Purpose: To assess ocular biometric outcomes following intravitreal bevacizumab (IVB) monotherapy for retinopathy of prematurity (ROP) and compare these results with those of laser photocoagulated infants and with the ones with spontaneously regressed ROP.
Materials And Methods: Premature infants including those who underwent IVB monotherapy (Group 1) or laser photocoagulation (Group 2) for ROP and infants with spontaneously regressed ROP (Group 3) were recruited for the study. Refractive errors and ocular biometric parameters (Axial length [AL], anterior chamber depth [ACD], and lens thickness [LT]) were measured at adjusted 1 year of age in all subjects.
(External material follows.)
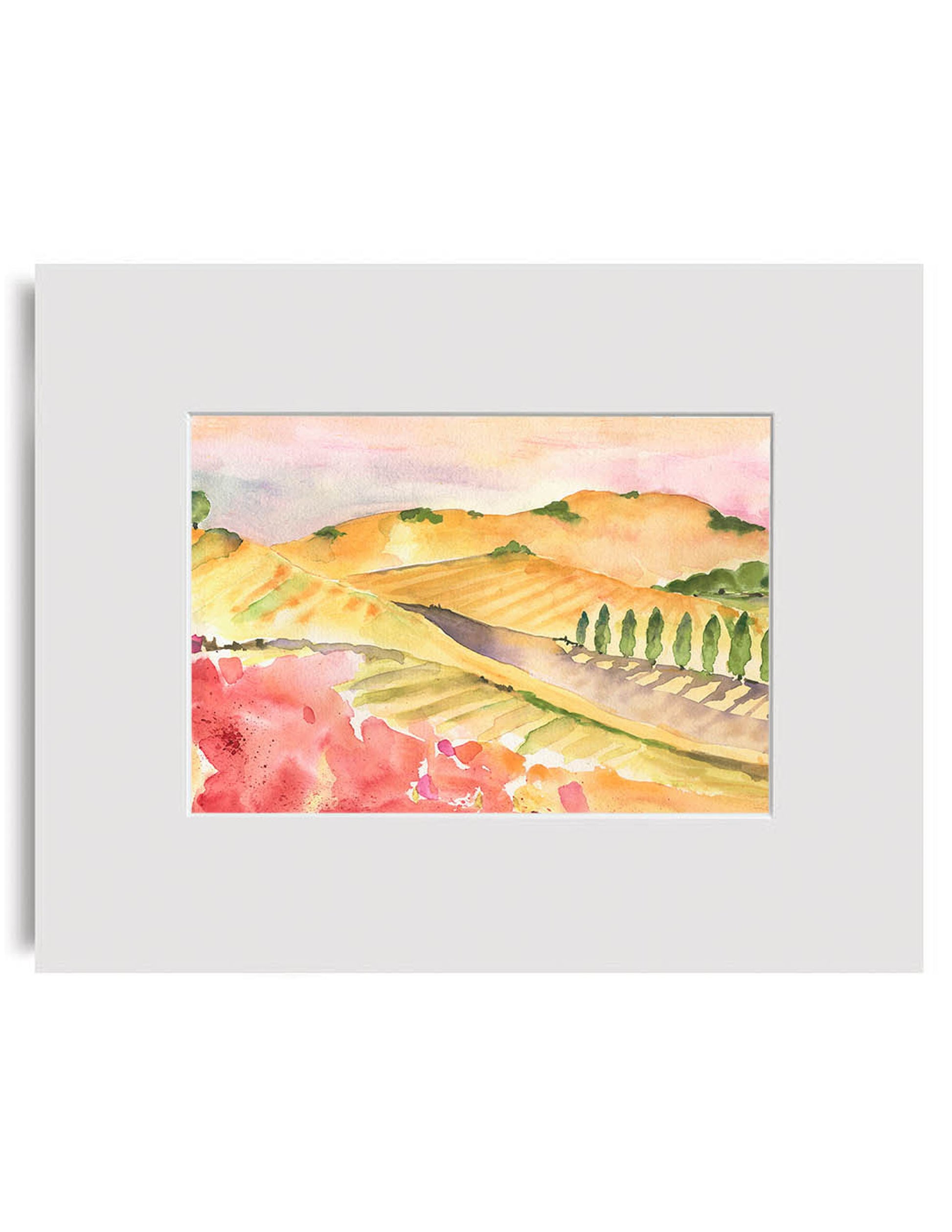 There's something amazing about the West Coast Hills and I love to paint them. The continually changing color of the different seasons has dramatic contrasts. I love the bright orange poppies and springtime wild flowers which are juxtaposed against wide blue sky and either verdant green or golden yellow hills. In the Fall, the vineyards are rich with autumnal hues which just take one's breath away. It's lovely to see the resurrection of vineyards that were destroyed during prohibition times. I hope the stillness and calm of these watercolors reminds you of your time appreciating this beauty.

Results: There was no significant difference of spherical equivalent (SE) value between the groups (P = 0.781). The incidence of high myopia was 7.4% in Group 1 and 12.7% in Group 2 (P = 0.081). No infants exhibited high myopia in Group 3. LT was greater in Group 2 when compared to Group 1 and Group 3 (P = 0.011). Lower SE was significantly correlated to longer AL in Group 1 (r = -0.656, P = 0.015). There was a significant positive correlation between SE and ACD values in Group 2 (r = 0.391, P = 0.005).
Conclusion: The study showed no significant difference of SE between the groups. High myopia was only present among the treated infants either with IVB or laser. Infants who received laser treatment significantly had thicker lenses.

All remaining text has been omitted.